Having seen the PRTs at work in Afghanistan, “I thought they were the answer to a lot of the problems that were developing in Iraq,” Jones explained. “I felt that I had enough experience and background for the work.”

And so, at an age when most men are thinking about a comfortable retirement, the 63-year-old Jones—a National War College graduate who spent six years in the U.S. Army Reserves before joining the State Department—put himself back on the line.

Diyala, located north-northwest of Baghdad, is a “hotbed of insurgent activity,” with a “major establishment of al-Qaida fighters,” he pointed out. It’s home to some 1.6 million people: 65 to 70 percent of whom are Sunni, 20 percent Shia, 10 to 12 percent Kurd, and the rest a mix of Turkmen and other groups. The governor is a Shiite, and has survived eight assassination attempts. Security is tenuous and most of the local infrastructure is fragile, crumbling, or non-existent.

As a result, leading the PRT puts his MBA training to the “ultimate test,” Jones said. “The skills you develop in the MBA program—dealing with management and personnel, accounting, the accountability of large sums of money—those are the kinds of things that I do every day.”

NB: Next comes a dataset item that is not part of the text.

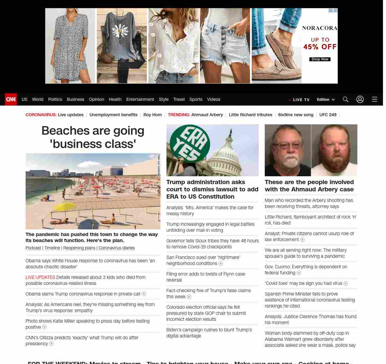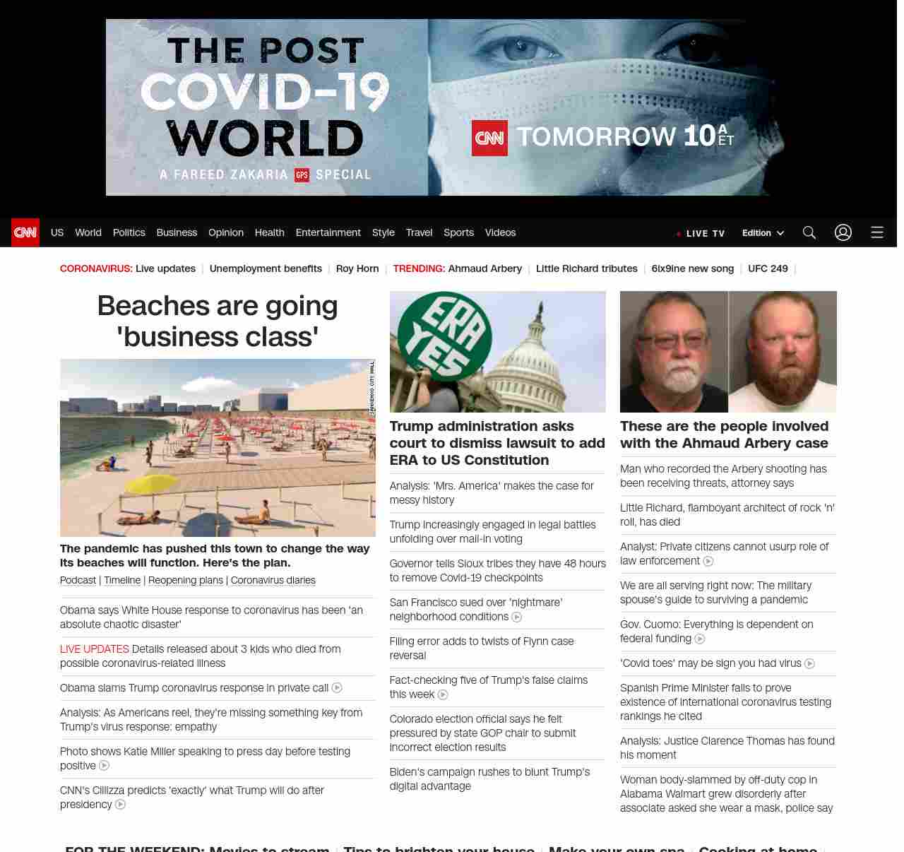 || screaming-banner-text banner-text-size–char-35″ data-analytics=”_list-hierarchical-xs_article_”> Beaches are going ‘business class’ ||” , title: “CNN – Breaking News, Latest News and Videos” , siblings: {“articleList”:[{“uri”:”/2020/05/09/politics/obama-trump-coronavirus-response-flynn-case/index.html”,”headline”:”Obama says White House response to coronavirus has been ‘an absolute chaotic disaster'”,”thumbnail”:”//cdn.cnn.com/cnnnext/dam/assets/200414101259-obama-biden-file-2016-small-11.jpg”,”duration”:””,”description”:”u003ca href=”https://www.cnn.com/2012/12/26/us/barack-obama—fast-facts/index.html” target=”_blank”>Former President Barack Obamau003c/a> delivered a blistering critique of the Trump administration’s u003ca href=”https://www.cnn.com/interactive/2020/health/coronavirus-us-maps-and-cases/” target=”_blank”>response to the coronavirus crisisu003c/a>, describing it as “an absolute chaotic disaster” during a private call Friday night with people who worked for him in the White House and across his administration.”,”layout”:””

His decades of experience as a foreign-service officer come in handy, too. The central government in Baghdad is run by Shia, and the needs of the predominantly Sunni province—which range from food and fuel distribution “all the way down to sending money up for the bank”—are often “ignored or overlooked,” Jones explained. If the money doesn’t get sent, then “you can’t pay the policemen, you can’t pay municipal salaries, you can’t pay retirees—and these folks are going to turn to some other source for their income.” And some of those other sources are openly hostile to Americans.

“I didn’t expect the amount of violence that has taken place up in the province,” Jones admitted. “It’s a frightening thing to be shot at and mortared and so forth.

“But it also gives meaning to the reasons why we are there,” he added quickly. “We’re dedicating ourselves to getting the infrastructure back into place.”

There have been some inspiring success stories and “a number of very notable characters,” he said. One is a Shiite member of the Provincial Council whom Jones describes as a “very strong lady.” Several members of her family were assassinated, and the Provincial Council had not been able to achieve a quorum for several months. “She spent the night at the government center by herself, sleeping on the floor with two guns,” Jones recalled. “And she was there the next day to make sure they had a quorum.”

Similarly, despite those eight assassination attempts over the last two years, the Shiite governor “still comes to work every day. He’s tired and he’s frustrated oftentimes. But he’s there. And he’s taken a real leadership role in the province.”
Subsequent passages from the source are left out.